Figure 4. Effect of Gadd45b knockdown via siRNA in mouse primary cortical neuron culture

(A) Neurons were transfected with either a scrambled nontargeting siRNA (siScr) or a Gadd45b specific siRNA (siGadd45b) at the sixth day in vitro (DIV). Successful knockdown of Gadd45b was assessed based on reduced mRNA expression. siGadd45b produces no significant changes to, Gadd45a or g, the other two Gadd45 isoforms. (B) siGadd45b transfection also has no effect on Tet1 mRNA expression. Error bars represent standard error of mean. ***p < 0.001.

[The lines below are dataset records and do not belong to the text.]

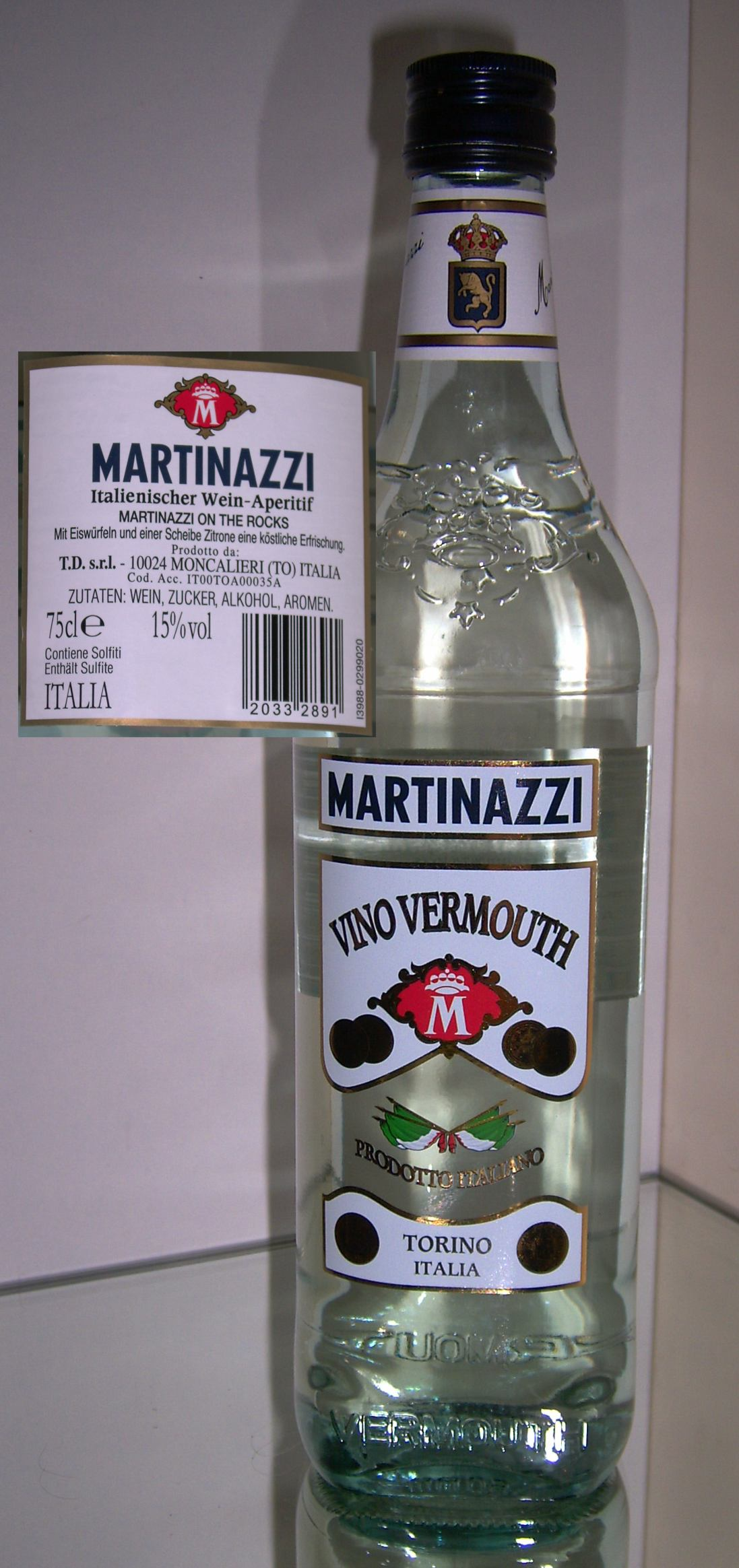 Martinazzi white 0.75l 15%vol sold in Germany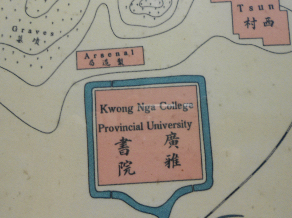 CANTON With Suburbs and Honam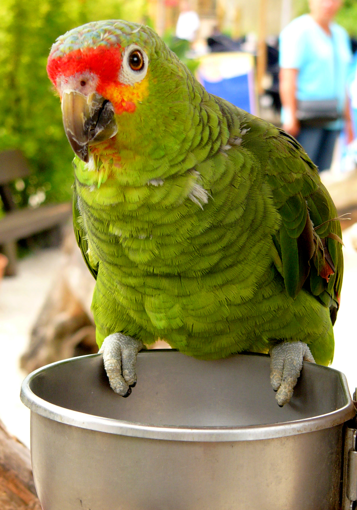 Red-lored Amazon or Red-lored Parrot.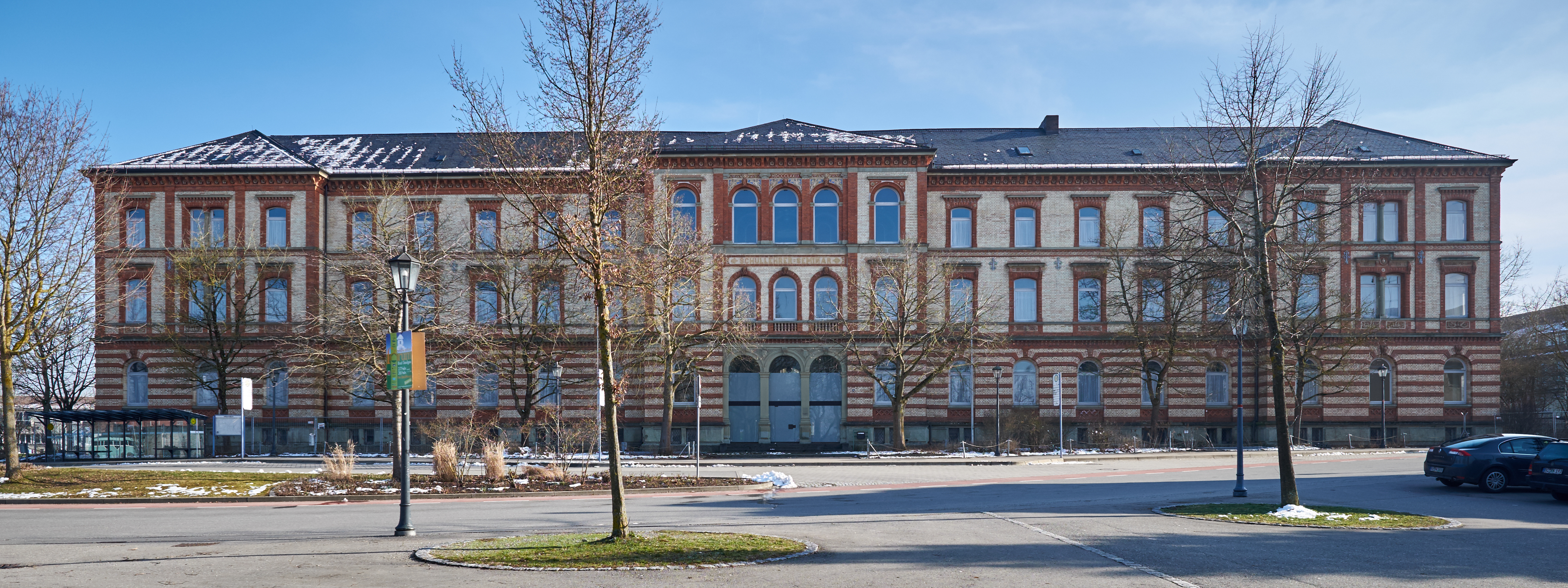 Building in the Schützenstraße, once a seminar for teachers, later main building of the Toin Gakuen Schule Deutschland, Bad Saulgau, district Sigmaringen, Baden-Württemberg, Germany

Figure 5. Gadd45b is necessary for N-methyl-D-aspartate induction of Bdnf expression

(A) Neurons were transfected with a scrambled nontargeting siRNA (siScr) or a Gadd45b specific siRNA (siGadd45b) at the sixth day in vitro, then treated with NMDA 45 μM for 2 h on day in vitro 8. Results and significance levels are expressed as fold change in NMDA treated cells relative to no NMDA control condition (dotted line). NMDA induces the expression of Bdnf IV and Bdnf IXa in cells transfected with siScr compared with control condition. siGadd45b transfection does not affect NMDA-induced increase in Bdnf IV, but does prevent the induction of Bdnf IXa mRNA expression relative to no NMDA control. (B) Similarly, NMDA induces Bdnf protein expression based on western blot in siScr transfected cells, but fails to in siGadd45b transfected cells. (C) NMDA induces a reduction in Tet1 mRNA expression in siScr neurons relative to control, but siGadd45b transfected cells showed no decrease in expression. Error bars represent standard error of mean. **p < 0.01, ***p < 0.001. NMDA: N-methyl-D-aspartate; NS: Non significant.

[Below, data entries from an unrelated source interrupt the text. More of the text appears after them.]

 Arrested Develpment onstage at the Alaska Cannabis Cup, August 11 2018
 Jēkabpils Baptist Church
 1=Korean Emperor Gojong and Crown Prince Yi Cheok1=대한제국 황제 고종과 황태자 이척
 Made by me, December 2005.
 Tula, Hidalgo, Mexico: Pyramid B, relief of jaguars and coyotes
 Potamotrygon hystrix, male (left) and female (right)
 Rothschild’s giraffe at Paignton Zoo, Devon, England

Figure 6. Gadd45b is necessary for N-methyl-D-aspartate induced demethylation of Bdnf

(A) Neurons were transfected with a scrambled nontargeting siRNA (siScr) or a Gadd45b-specific siRNA (siGadd45b) at day 6 in vitro (DIV), then treated with NMDA 45 μM for 2 h on day 8 in vitro. Results and significance levels are expressed as fold change in NMDA treated cells relative to no NMDA control condition (dotted line). In siScr transfected cells, NMDA treatment significantly reduces Bdnf IXa promoter 5MC, but does not alter 5MC at the Bdnf IV promoter. siGadd45b eliminates the NMDA-induced reduction in 5MC at the Bdnf IXa promoter. (B) In siScr transfected cells, NMDA treatment significantly reduces Bdnf IV and IXa promoter 5HMC. siGadd45b does not merely prevent the reduction in 5HMC, but in fact causes increases in 5HMC at Bdnf IV and IXa promoters. Error bars represent SEMs. *p < 0.05, **p < 0.01. 5HMC: 5-hydroxymethylcytosine; 5MC: 5-methylcytosine; NMDA: N-methyl-D-aspartate.